Opinion
One who visits a public amusement resort, the owner of which charges no admittance fee, but relies for his income on renting bathing suits, lockers and boats and selling food and the like, is not a gratuitous but a paying guest upon the invitation of the proprietor, whether he pays him anything or not, and the proprietor is in the same relation to him as the owner of a department store is to his patrons. One who invites others to come upon his place of business and use his facilities is under a duty to exercise reasonable care to have and keep the premises and the facilities reasonably safe for his invitees. What reasonable care would require of the proprietor of a public resort must depend upon the conditions and circumstances present, and this question is one of fact for the jury and not one of law.
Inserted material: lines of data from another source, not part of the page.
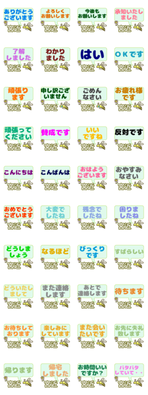 友達・家族・上司・先輩・同僚・後輩 日常会話・報連相報告・連絡・相談用 敬語・丁寧 大人 大きいサイズ 働きバチ宮近「みやちか」さん専用 名前苗字
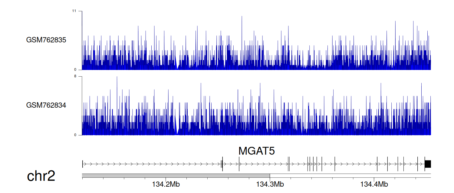 > Dataset: GSE100266 - MGAT5 peak across samples
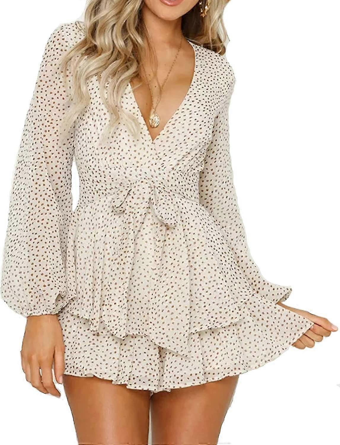 Women's Polka Dot Jumpsuits Deep V-neck Long Sleeve Knot Front Ruffle Hem Floral Rompers
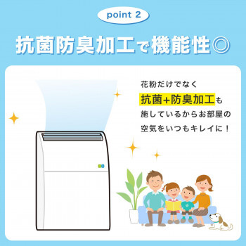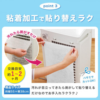 抗菌防臭加工の不織布フィルター。一度キャッチしたホコリ・花粉を捕まえたまま再飛散させない「花粉吸着加工」も施し、機能性◎。シールタイプなのでフィルター部分に貼るだけでOK。汚れたら貼り替えるだけなのでお掃除ラクラク! |
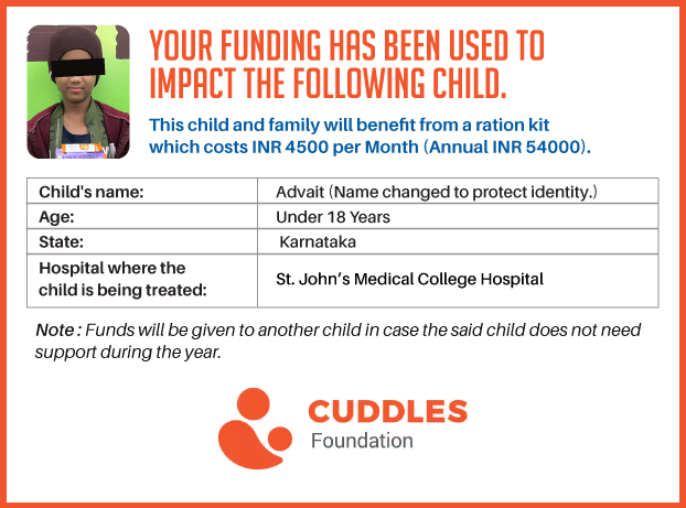 This campaign of mine is being done in partnership with the NGO -Cuddles Foundation and aims to fight hunger and malnutrition in children from low-income homes by giving them a MONTHLY RATION BASKET. This improves their chance of survival by 70% and ultimately does save lives. The baskets are given to children at Mazumdar Shaw Medical Centre, St John's Hospital and Sri Shankara Cancer Foundation in Bengaluru, KLE's Dr. Prabhakar Kore Hospital and Medical Research Centre in Belgaum and Kasturba Medical Hospital in Manipal.
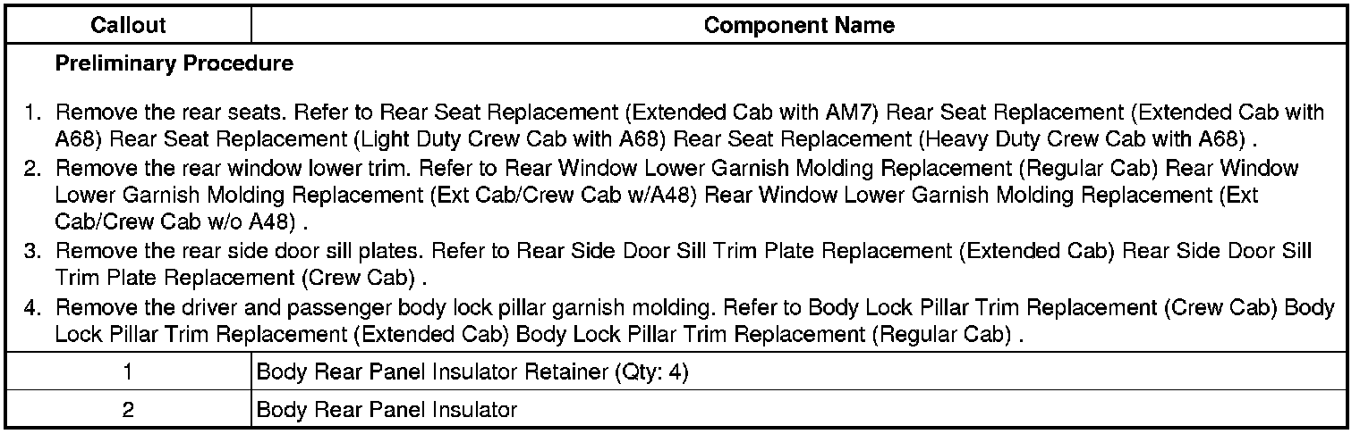 Body Rear Panel Insulator Replacement (Extended Cab/Crew Cab)

Where the plaintiff's intestate, C, visited the defendant's public amusement resort, but did not hire a bathing suit or bathing house, it was held (1) that she was a patron of the defendant and a charge to the jury that she was a mere licensee to whom the defendant did not owe the duty of providing suitable supervision and appliances, was erroneous; (2) that C, upon the facts found, was negligent in having attempted to swim to the float and that her administratrix could not recover for her death by drowning unless she established, under the last-clear-chance doctrine, that after C came into a position of danger the defendant might by the exercise of reasonable care have then rescued her or had provided adequate facilities through the use of which she would then have been rescued. The court further erred in failing to instruct the jury that the defendant owed the plaintiff's intestate, N, a patron at his resort, the duty of exercising reasonable care to rescue him from the danger he was in from attempting to rescue C from drowning, and if the danger and death of C was caused by the defendant's negligence, he would be responsible for the drowning of N, if that negligence was the proximate cause, that is the substantial factor, in causing N's death.
Argued October 3d 1929
Decided March 3d 1930.
ACTIONS to recover damages for the death of the plaintiffs' interstates, alleged to have been caused by the negligence of the defendant, brought to the Superior Court in Middlesex County and tried to the jury before Wolfe, J.; judgments for the defendant and appeal by the plaintiffs. Error and new trial ordered in each case.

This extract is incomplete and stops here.